The first customer walks out of an Apple Store with a purchase of a Vision Pro headset in New York on February 2, 2024.
Angela Weiss | AFP | getty images
AppleThe Vision Pro virtual reality headset officially launched in the US on Friday. Customers who pre-ordered the headset will start receiving it or pick it up at Apple Store locations.
Apple CEO Tim Cook appeared at the company’s flagship Fifth Avenue store in New York City on Friday morning to celebrate the release of the headset. Speaking to CNBC’s Jim Cramer about the Vision Pro’s high sticker price at the event, Cook called it “yesterday’s technology today.” The Vision Pro starts at $3,500.
“People can spread out their payments over time, and so it’s an affordable kind of thing,” Cook said, referring to a monthly financing plan. “It’s full of inventions. There are 5,000 patents on it.”
“We think we priced it at the right level considering its price,” Cook said.
Apple CEO Tim Cook arrives to release the Vision Pro headset at the Apple Store in New York City on February 2, 2024.
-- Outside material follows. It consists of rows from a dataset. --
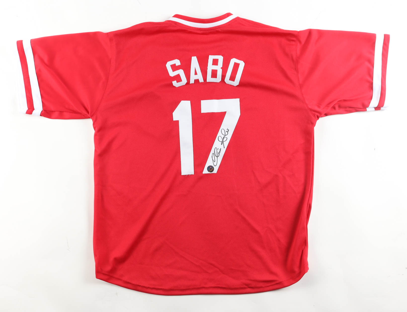 Custom jersey. Everything is sewn on, size XL. Hand signed by Chris Sabo.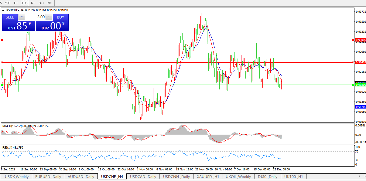 交易策略:0.9180下方看跌,目标0.9120、0.9040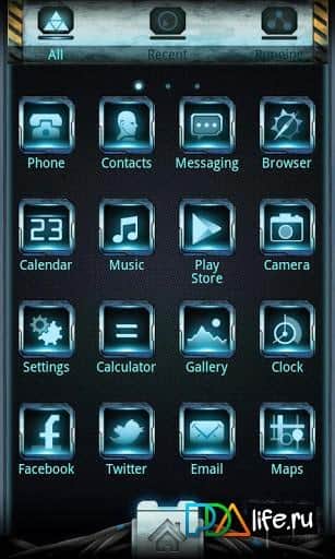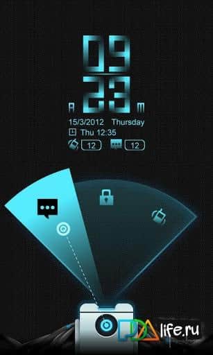 Seçim GO Kilit Teması – ZT.art geliştiricisinden GO Launcher EX için ilginç bir Android kilitleme widget'ıdır, indigo rengi neon ışığı ile. Tarih ve saat, telefon ve mesajlar ekranın üst kısmında görüntülenir, tüm uygulama simgeleri aydınlatmalı olarak yapılmıştır. Kilidi açmak için ekranın altındaki düğmeye basmanız ve gerekli uygulamayı seçmeniz gerekir.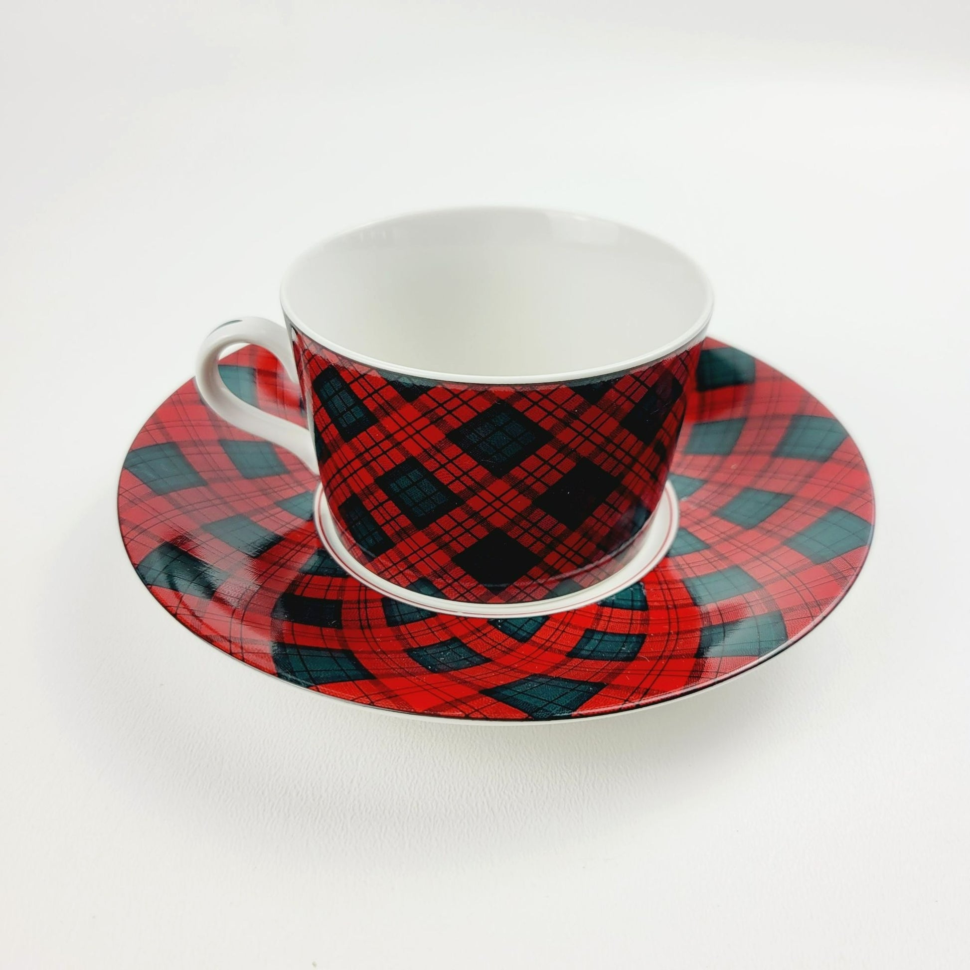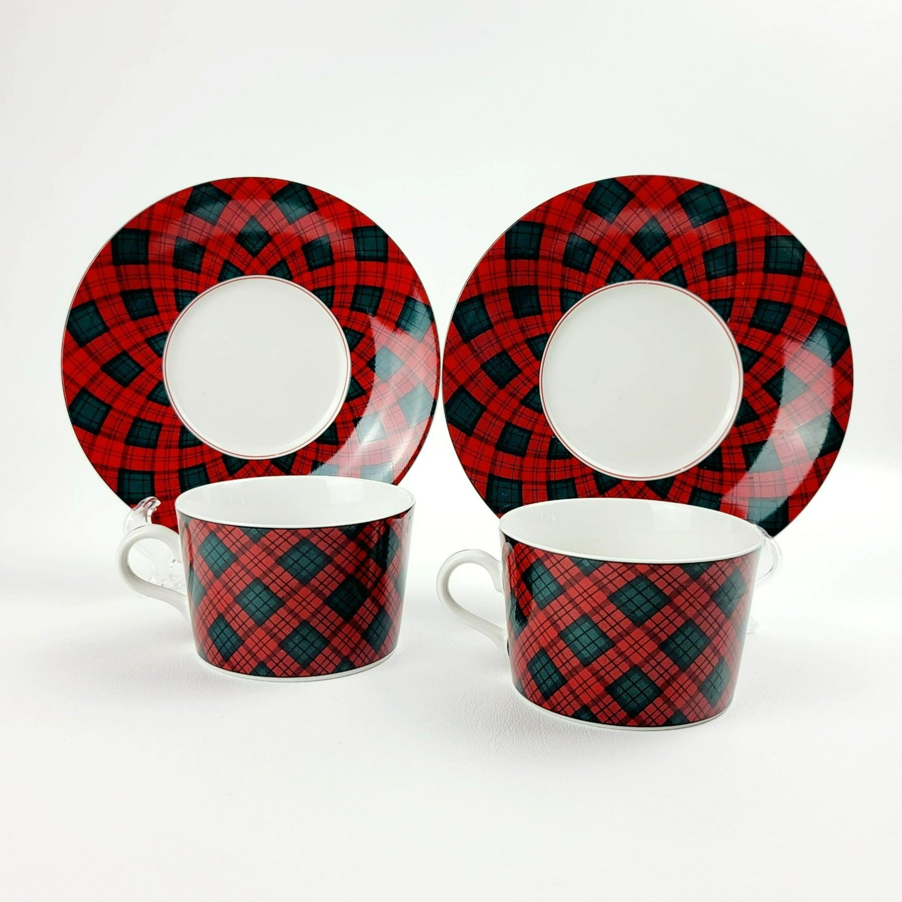 Vintage Sasaki Tartan Cup & Saucer Sets featuring a classic red and dark green plaid design by Charles Roberts. Made in Japan in the 1990s, these elegant, discontinued pieces are perfect for collectors or as replacement drinkware.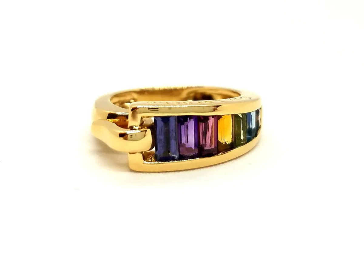 Bague signée Guy Laroche, en or jaune 750 millièmes (18 carats), serti de 7 pierres fines en baguette pour environ 0,75 ct au total, améthystes, citrines, péridot et topaze, Taille: 49, largeur sur le dessus: 0,72 cm, poids total: 4,68 g, poinçon tête d’aigle, excellent état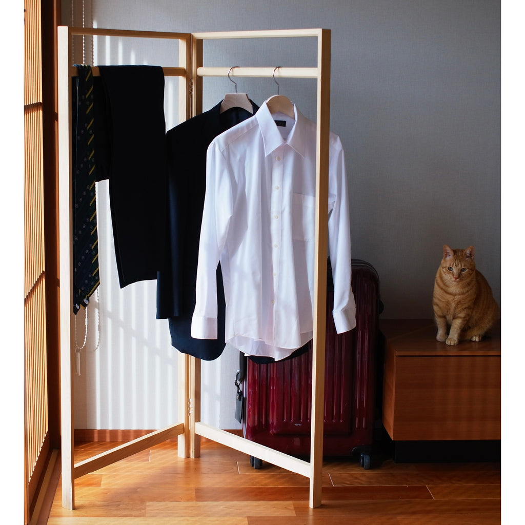 さまざまな着丈に対応する高さ、置く場所を限定しない幅、安定感のあるバランスを工夫しています。玄関や衣類を脱着する場所などにも重宝します。使用頻度の高い衣類を手軽にかけられ、また、花粉やたばこ、食事の匂いなどが付いて、すぐにはクローゼットに持ち込みたくない時にも便利。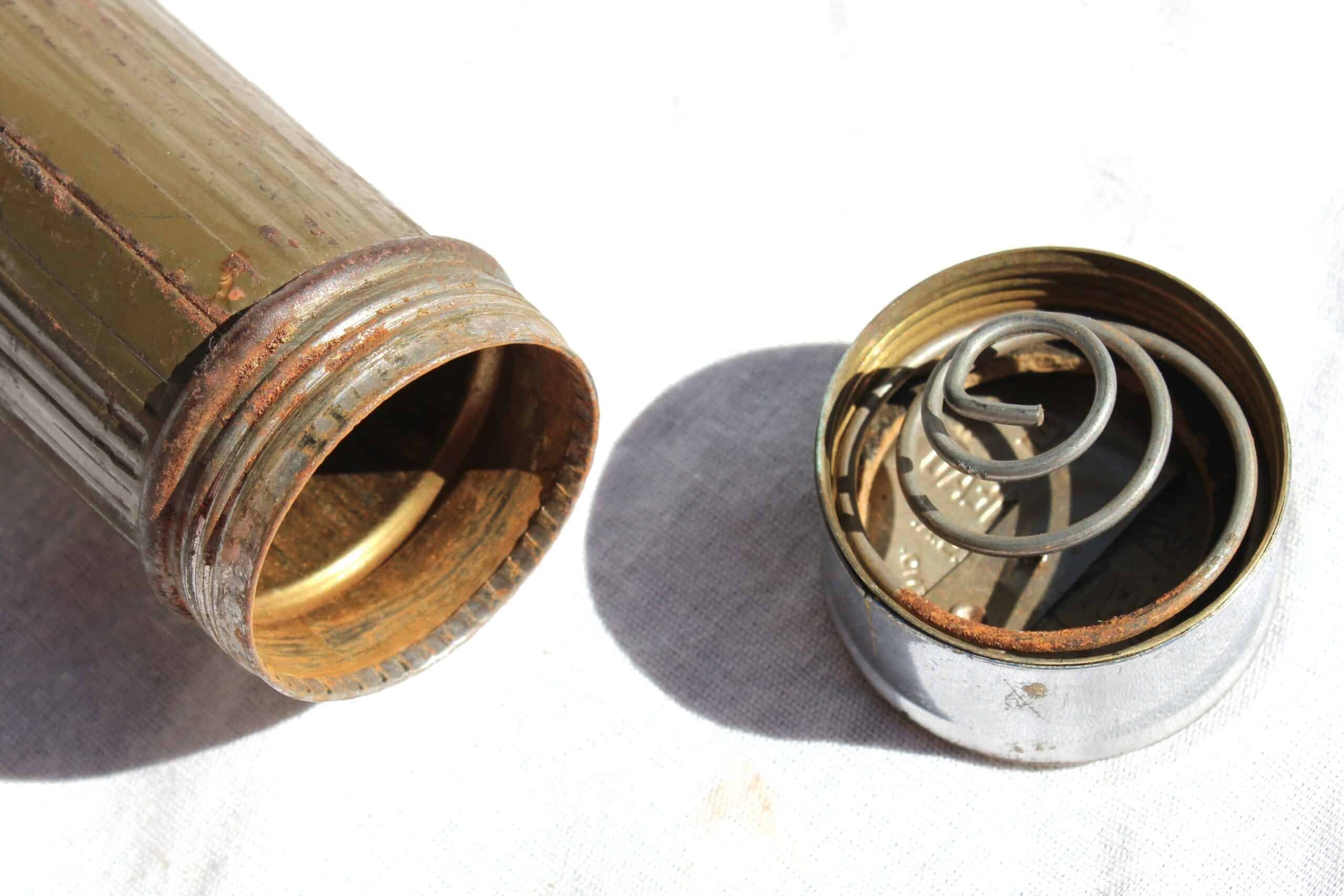 Corps en acier peint OD , bouchon de pile en inox, la peinture n’a malheureusement pas tenu sur l’inox, verre présent sans casse, interrupteur en parfait état de fonctionnement, ampoule d’origine présente, clips d’accroche en place et sans jeu.

Angela Weiss | AFP | getty images
On Apple’s earnings call Thursday, Cook said Vision Pro is also being adopted as an enterprise product, citing companies like Walmart, Nike, Vanguard, Stryker, Bloomberg and SAP that have used it as customers. “have begun to take advantage and invest” in the headset as a platform for. And workers.
Still, Cook said Thursday that he believes Apple will remain “both a consumer and enterprise-focused company” moving forward with the Vision Pro in its offerings, given “a ton of use cases” for the gadget. Can. He said there are more than 600 apps and games available on the headset that are specifically designed to provide a “spatial computing” experience.
People line up outside the New York Apple Store on February 2, 2024, as the Vision Pro headset was released in US Apple Stores. The Vision Pro, the tech giant’s $3,499 headset, is its first major release since the Apple Watch nine years ago.
Angela Weiss | AFP | getty images
Apple reported fiscal first-quarter results on Thursday that exceeded revenue and earnings estimates. Apple’s wearables business, also known as “other products,” beat expectations but saw sales decline 11% year-over-year. The Vision Pro joins the Apple Watch and AirPods in the wearables category, although analysts do not anticipate the headset will initially generate significant amounts of revenue.